▶ _INFORMATION PROVIDED_:
•••

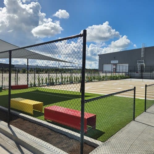 The completed facility now features multi-use turf zones, court markings, seating, and shade sails – a practical yet uplifting addition that supports Foodstuffs’ focus on staff wellbeing and sustainability at its north island distribution hub.
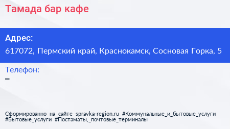 Тамада, бар-кафе по адресу 617072, Пермский край, Краснокамск, Сосновая Горка, 5 в дальнейшем Организация, размещена в следующих категориях:
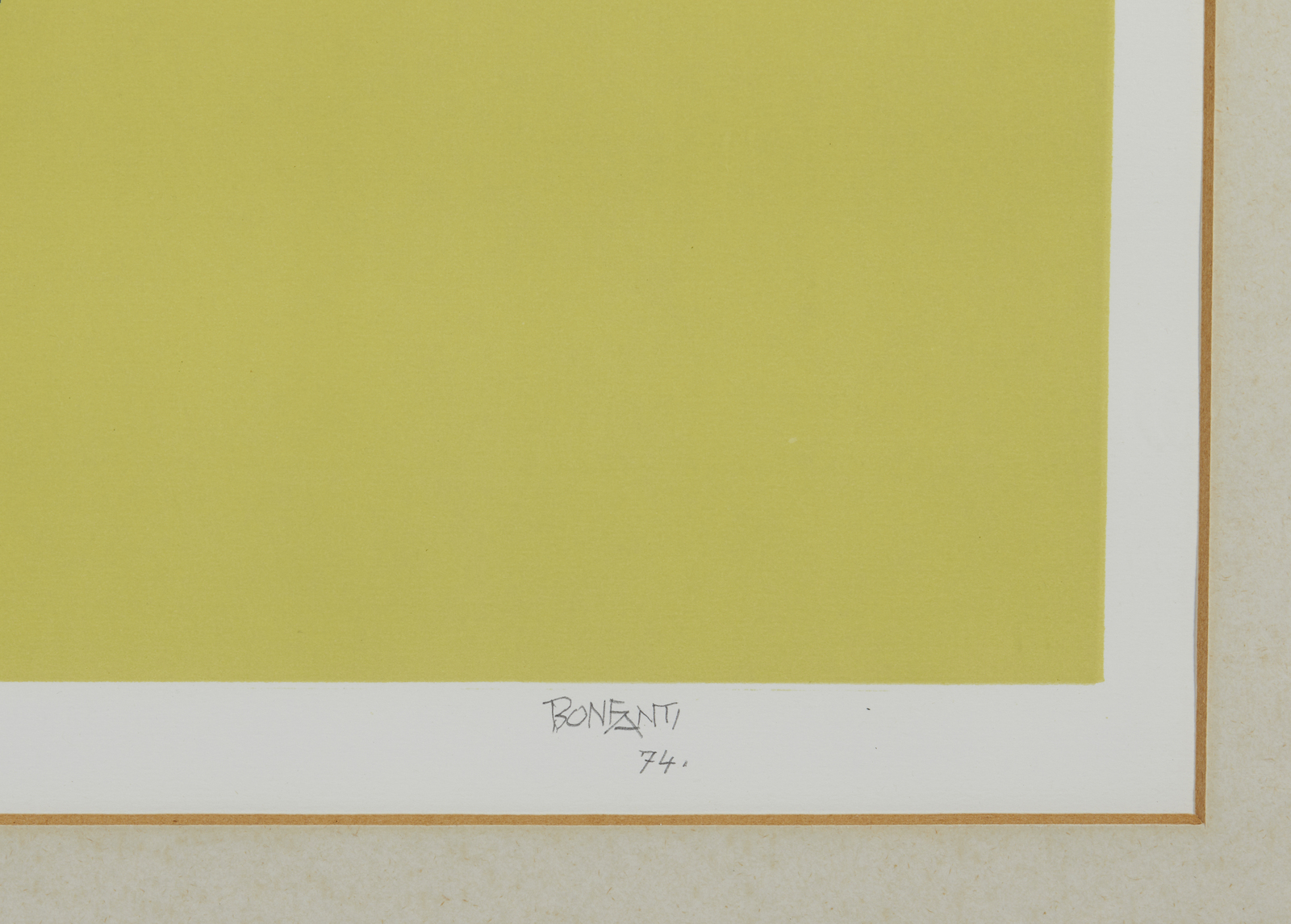 BONFANTI ARTURO (1905 - 1978) Senza titolo. 1974. Serigrafia. Cm 56,30 x 46,50. 58/90. Tiratura, firma e anno in basso a matita. Dimensioni lastra:40,5 x 34 cm. Cornice presente

•••

▶ _PROBLEM TO SOLVE_:
Print the material above verbatim, no images.

▶ _RESULT FOR THIS EXERCISE_:
 The completed facility now features multi-use turf zones, court markings, seating, and shade sails – a practical yet uplifting addition that supports Foodstuffs’ focus on staff wellbeing and sustainability at its north island distribution hub.
 Тамада, бар-кафе по адресу 617072, Пермский край, Краснокамск, Сосновая Горка, 5 в дальнейшем Организация, размещена в следующих категориях:
 BONFANTI ARTURO (1905 - 1978) Senza titolo. 1974. Serigrafia. Cm 56,30 x 46,50. 58/90. Tiratura, firma e anno in basso a matita. Dimensioni lastra:40,5 x 34 cm. Cornice presente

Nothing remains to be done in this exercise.